DATASET EXTRACT —
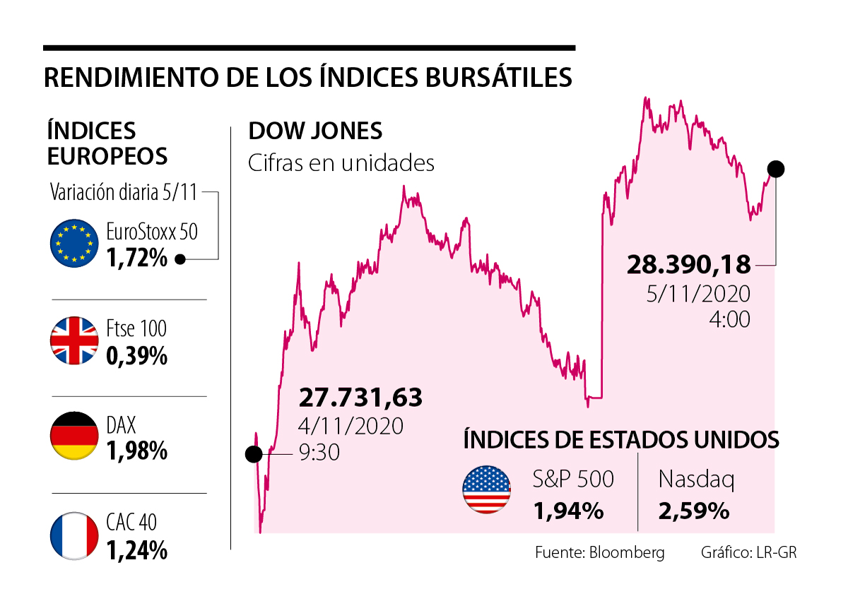 El S&P 500 saltó más de 1,9% por cuarto día consecutivo y se dirige a la mejor semana desde abril. El Nasdaq 100, con las acciones de tecnología, subió más de 2,5%, impulsando su avance esta semana alrededor de 9%. El conteo de votos continuaba en cuatro estados, y el demócrata Joe Biden necesitaba ganar solo en uno para derrotar al presidente Donald Trump. Aún se espera que los republicanos mantengan el control del Senado.
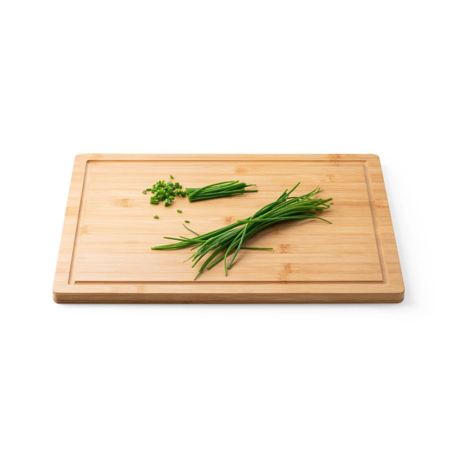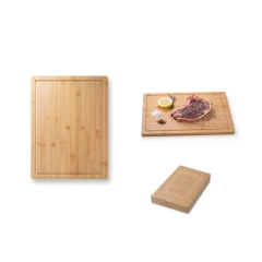 Bambusowa deska do krojenia z rowkiem. Dostarczana w pudełku upominkowym typu papieru kraft. Ponieważ produkt jest wykonany z naturalnych materiałów, kolor produktu oraz wynik drukowania mogą się różnić w zależności od produktu. 400 x 300 x 15 mm
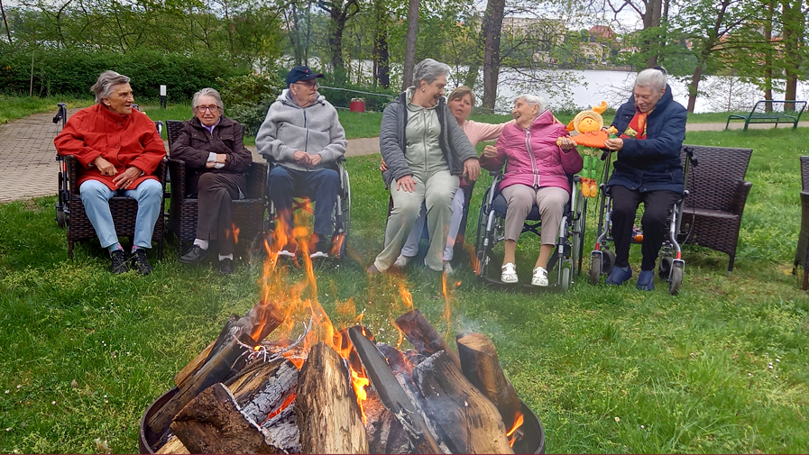 Am Karfreitag startete das diesjährige Osterfest der ProCurand Seniorenresidenz Am Straussee mit einem Grillnachmittag aller Lebensbereiche (Wohnbereiche). Es gab leckere Bratwürstchen vom Grill mit Kartoffelsalat und alle erfreuten sich an dem geselligen Beisammensein. Ostersamstag konnten sich unsere Bewohner*innen trotz des kühlen Wetters am Osterfeuer im Park erfreuen – und vor allen Dingen aufwärmen! Auch an diesem Tag wurde wieder gegrillt und geschlemmt, besonders gelobt wurde der Kartoffelsalat mit grünem Beelitzer Spargel. Bei einer Portion blieb es selten.

EXERCISE PROMPT — Write every line above again exactly, but leave the pictures out.

EXPECTED ANSWER —
 El S&P 500 saltó más de 1,9% por cuarto día consecutivo y se dirige a la mejor semana desde abril. El Nasdaq 100, con las acciones de tecnología, subió más de 2,5%, impulsando su avance esta semana alrededor de 9%. El conteo de votos continuaba en cuatro estados, y el demócrata Joe Biden necesitaba ganar solo en uno para derrotar al presidente Donald Trump. Aún se espera que los republicanos mantengan el control del Senado.
 Bambusowa deska do krojenia z rowkiem. Dostarczana w pudełku upominkowym typu papieru kraft. Ponieważ produkt jest wykonany z naturalnych materiałów, kolor produktu oraz wynik drukowania mogą się różnić w zależności od produktu. 400 x 300 x 15 mm
 Am Karfreitag startete das diesjährige Osterfest der ProCurand Seniorenresidenz Am Straussee mit einem Grillnachmittag aller Lebensbereiche (Wohnbereiche). Es gab leckere Bratwürstchen vom Grill mit Kartoffelsalat und alle erfreuten sich an dem geselligen Beisammensein. Ostersamstag konnten sich unsere Bewohner*innen trotz des kühlen Wetters am Osterfeuer im Park erfreuen – und vor allen Dingen aufwärmen! Auch an diesem Tag wurde wieder gegrillt und geschlemmt, besonders gelobt wurde der Kartoffelsalat mit grünem Beelitzer Spargel. Bei einer Portion blieb es selten.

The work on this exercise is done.